Even before Hillary Clinton formally announced her intention to seek the office of the presidency, left-of-center pundits had been worried about the appearance of primogenitor. While the Republicans are generally comfortable with the coronation of heirs to the party’s nomination, the Democrats are not. There’s something monarchical about political ascension, the pundits say, something authoritarian and dynastic: it’s anathema to the principles of egalitarianism and meritocracy.

After Jeb Bush announced the launch of his exploratory committee, Glenn Greenwald, the civil-libertarian journalist, said a matchup between the wife and son/brother of former presidents would “vividly underscore how the American political class functions: by dynasty, plutocracy, fundamental alignment of interests masquerading as deep ideological divisions, and political power translating into vast private wealth and back again. The educative value would be undeniable.”

David Corn didn’t go as far as Greenwald. But he found Clinton’s apparent inevitability equally distasteful. Corn advanced the name of former Maryland governor Martin O’Malley as a foil. O’Malley, he said, “would make a good sparring partner. He’s a smart guy with sass, but he’s not a slasher, who could inflict long-lasting political damage.” Critically important, he said, is that Clinton shouldn’t assume victory. Only with a primary fight, Clinton would “earn—not inherit—the nomination,” Corn wrote. “She’d be a fighter, not a dynastic queen. The press and the public would have something to ponder beyond just Clinton herself.”

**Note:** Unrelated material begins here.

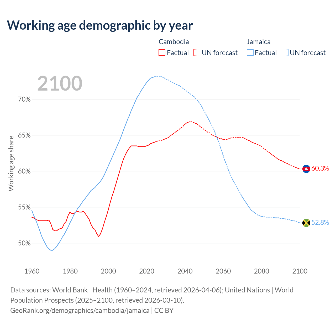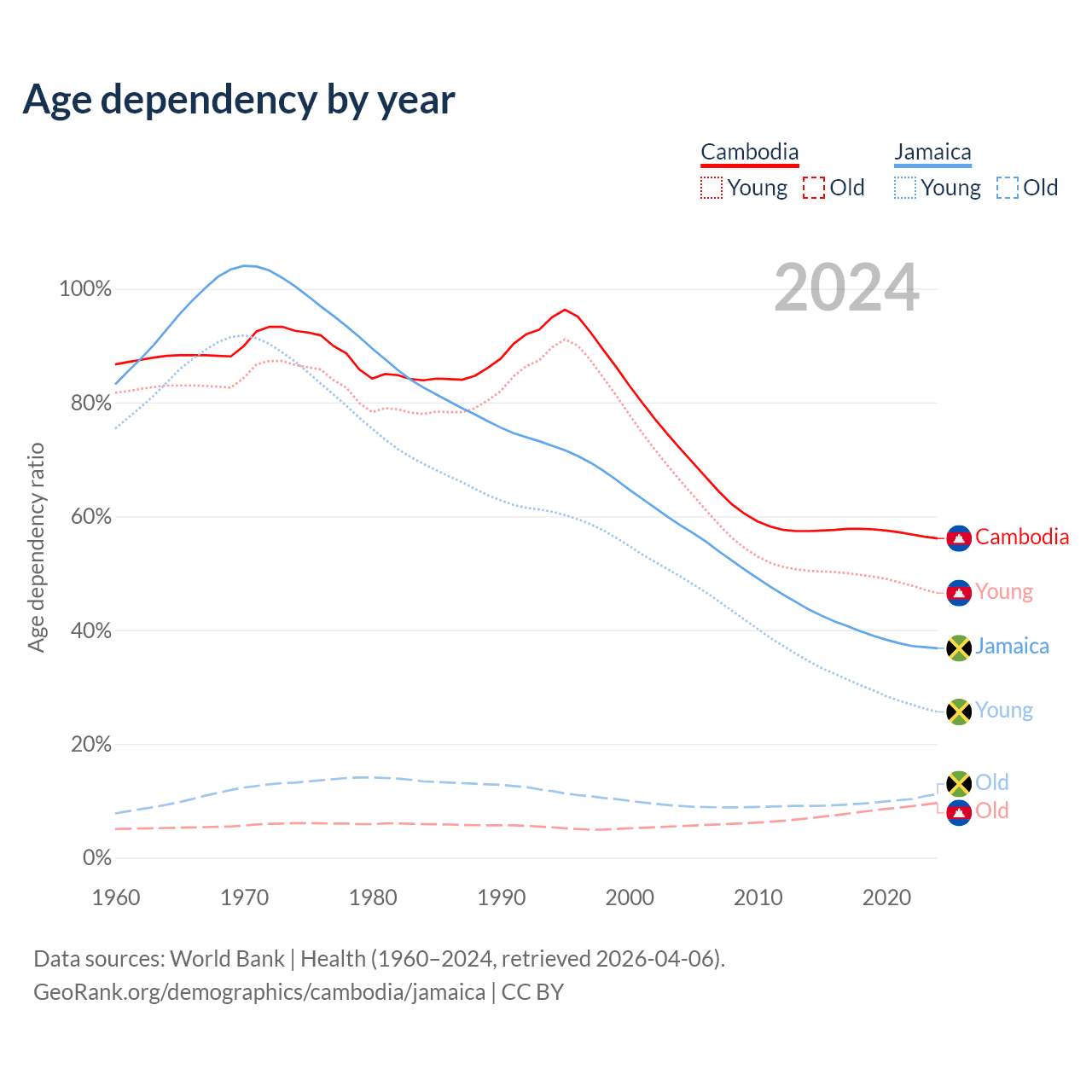The share of older people aged 65 and over is 6.16% in Cambodia and 8.21% in Jamaica. Life expectancy in Cambodia compared to Jamaica .

I admire Corn and Greenwald immensely, and agree with them mostly. But I’d argue their assessments, as well as those of others in the left-liberal commentariat, are not arguments. Instead, they are statements reflecting a discomfort with power, a discomfort widely shared among Democrats. Meanwhile, Republicans have no such qualms whatsoever.

Despite her flaws, Clinton and her campaign represent a singular moment in the history of the Democratic Party. Namely, there probably has not been this much party unity since 1964 when President Lyndon Baines Johnson, campaigning in the memory of an assassinated president, beat conservative Barry Goldwater in a landslide. But that unity failed to last. Four years later, in the shadow of Vietnam and in the backlash against the Civil Rights Act, LBJ’s Democratic Party would crack up forever.

In the wake of that crack-up, the Republicans routinely won by deploying an array of wedge issues to divide and conquer—from Richard Nixon’s “Southern Strategy” in 1968, to George H.W. Bush’s “Willie Horton” attack in 1988, to his son’s “gays, guns, and God” in 2004. But by 2008, something essential had shifted. Barack Obama forged a coalition among minorities, young voters, and white liberals and John McCain refused to go negative on his opponent’s race, fearing backlash. In 2012, the Obama coalition held despite Mitt Romney’s clumsy attempts at race baiting.

Holding that coalition together is vital to maintaining the gains, large and small, made in eight years of unprecedented, massive, and total resistance on the part of the Republicans. And I’m not only talking about the Affordable Care Act, which is transforming life for millions, nor the Dodd-Frank financial reform law, which is finally taking effect.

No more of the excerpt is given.